In this scenario, we can have the following models available for testing:
- m1, with all 2nd and 3rd order interaction effects:
\[\begin{align*}
y_i&=\beta_0+\beta_1x_{1i}+\beta_2x_{2i}+\beta_3x_{3i}+\\
&\quad \enspace \beta_4x_{1i}x_{2i}+\beta_5x_{1i}x_{3i}+\beta_6x_{2i}x_{3i}+\\
&\quad \enspace \beta_7x_{1i}x_{2i}x_{3i}+\\
&\quad \enspace \epsilon_i,
\end{align*}\]
- m2, remove 2 2nd order interaction effects:
\[\begin{align*}
y_i&=\beta_0+\beta_1x_{1i}+\beta_2x_{2i}+\beta_3x_{3i}+\\
&\quad \enspace \beta_4x_{1i}x_{2i}+0x_{1i}x_{3i}+0x_{2i}x_{3i}+\\
&\quad \enspace \beta_7x_{1i}x_{2i}x_{3i}+\\
&\quad \enspace \epsilon_i,
\end{align*}\]
- m3, all 3 2nd order interaction effects, no 3rd order interaction effect:
\[\begin{align*}
y_i&=\beta_0+\beta_1x_{1i}+\beta_2x_{2i}+\beta_3x_{3i}+\\
&\quad \enspace \beta_4x_{1i}x_{2i}+\beta_5x_{1i}x_{3i}+\beta_6x_{2i}x_{3i}+\\
&\quad \enspace 0x_{1i}x_{2i}x_{3i}+\\
&\quad \enspace \epsilon_i,
\end{align*}\]
\[\begin{align*}
y_i&=\beta_0+\beta_1x_{1i}+\beta_2x_{2i}+\beta_3x_{3i}+\\
&\quad \enspace 0 x_{1i}x_{2i}+ 0 x_{1i}x_{3i}+ 0 x_{2i}x_{3i}+\\
&\quad \enspace 0 x_{1i}x_{2i}x_{3i}+\\
&\quad \enspace \epsilon_i,
\end{align*}\]
- Generate data from this model with sample size \(n=1000\),
- Fit m1, m2, and m3 using Mplus (the equivalent R function
lm()
in R) separately,
- Conduct LRT using Mplus to compare m2 (h0) with m1 (h1), m3 (h0) with m1 (h1), and m4 (h0) with m1 (h1), record the resulting p-value (the equivalent R function is
lmtest::lrtest()
),
- Replicate steps 1-3 100 times, count the number of p-value < .05 (R learner only).

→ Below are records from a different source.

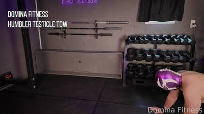 Ella llega al gimnasio y se consigue a un sumiso que se deja amarrar las bolas para convertirse en su burro de carga y pasearla por todos lados. Es simpática.
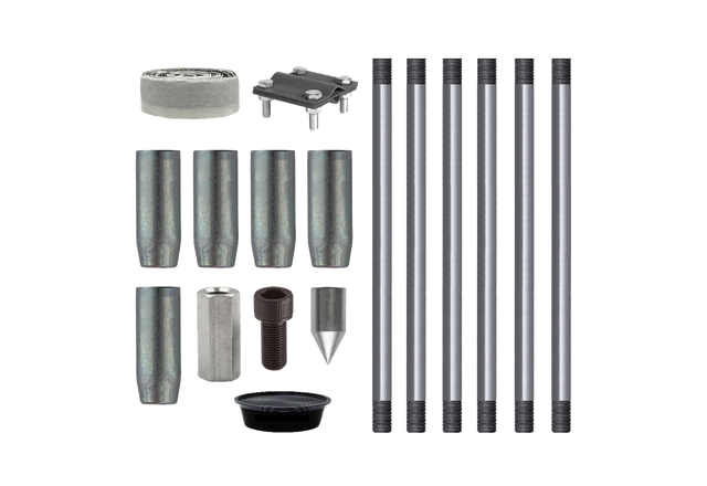 Универсальный комплект заземления оцинкованный 9 метров (1 х 9 м) для монтажа вертикальных элементов внешнего контура заземления. Состоит из 6 стальных оцинкованных прутков, соединительных муфт, наконечника и ударной насадки.
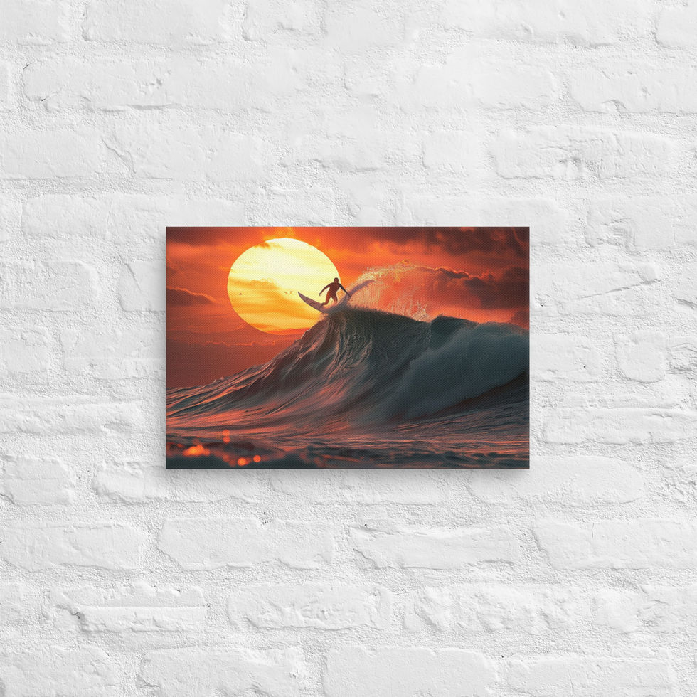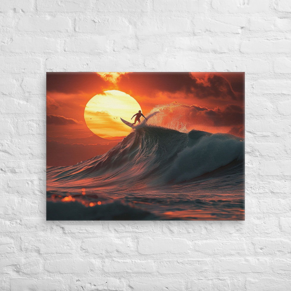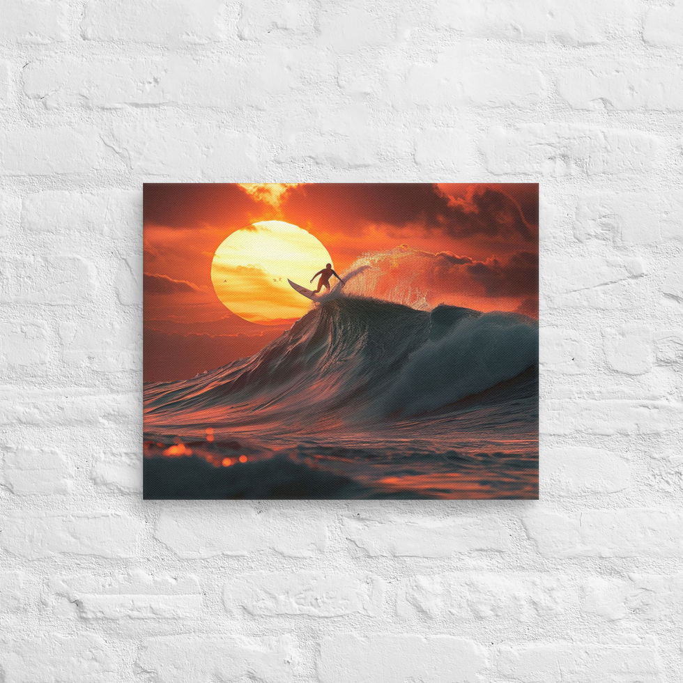 Immerse yourself in the passion of the sea with Crimson Wave as a canvas print. This stunning piece captures the fiery dance of ocean waves and a surfer silhouetted against the blazing sun.

For non-quant students, do steps 2-3 using “1y 3xs interaction.txt”.
Model misspecification
LRT is able to detect model misspecification of h0 model only when:
- h1 model is correctly specified,
- h0 is nested in h1.
There are basically three types of model misspecifications.
- Parameter-level misspecification
- non-existing parameter being estimated freely: h0 model has superfluous parameter of which the population value is 0 (e.g. true model is m3 but fit model is m2);
- existing non-zero parameter being fixed (usually at 0): h0 model lacks parameter of which the population value is non-zero (e.g. true model is m2 but fit model is m3).
For the first type of parameter-level misspecification, LRT shall endorse the h0 model with superfluous parameters by generating a p-value > 0.05, because 0 is within the parameter space of h0 when freely estimated. In this case, if we continued to fix superfluous parameter at 0 to obtain a new smaller h0 model, then LRT shall endorse this new h0 model without superfluous parameter as well.
For the second type of parameter-level misspecification, LRT shall reject the h0 model by generating a p-value < 0.05, because when fixing an existing parameter at 0, the parameter space of this specific parameter is 0 and does not include the true value (non-zero), h0 is false.
- Function-level misspecification:
The regression relationship between two variables is not linear, but a linear regression is used to fit the data. \[\begin{align*}
\text{True model: }y=f(x)&=\beta_0+\beta_1x^2,\\
\text{Fitting model: }y&=\beta_0+\beta_1x.
\end{align*}\]
Function-level misspecification usually leads to non-nest models and is beyond the capability of LRT. Because normally we fit linear model to data, h0 and h1 model shall all be linear. Thus there will be model misspecification in both h0 and h1 models, the asymptotic distribution of LRT test statistic will be violated.
- Distribution-level misspecification
In general, if we use maximum likelihood, we assume to have normally distributed data. However, this distributional assumption may not be hold in real data. If violated, even if we fit the true model using normal-based ML, we shall still have biased parameter estimation. Therefore distribution-level misspecification is always beyond LRT.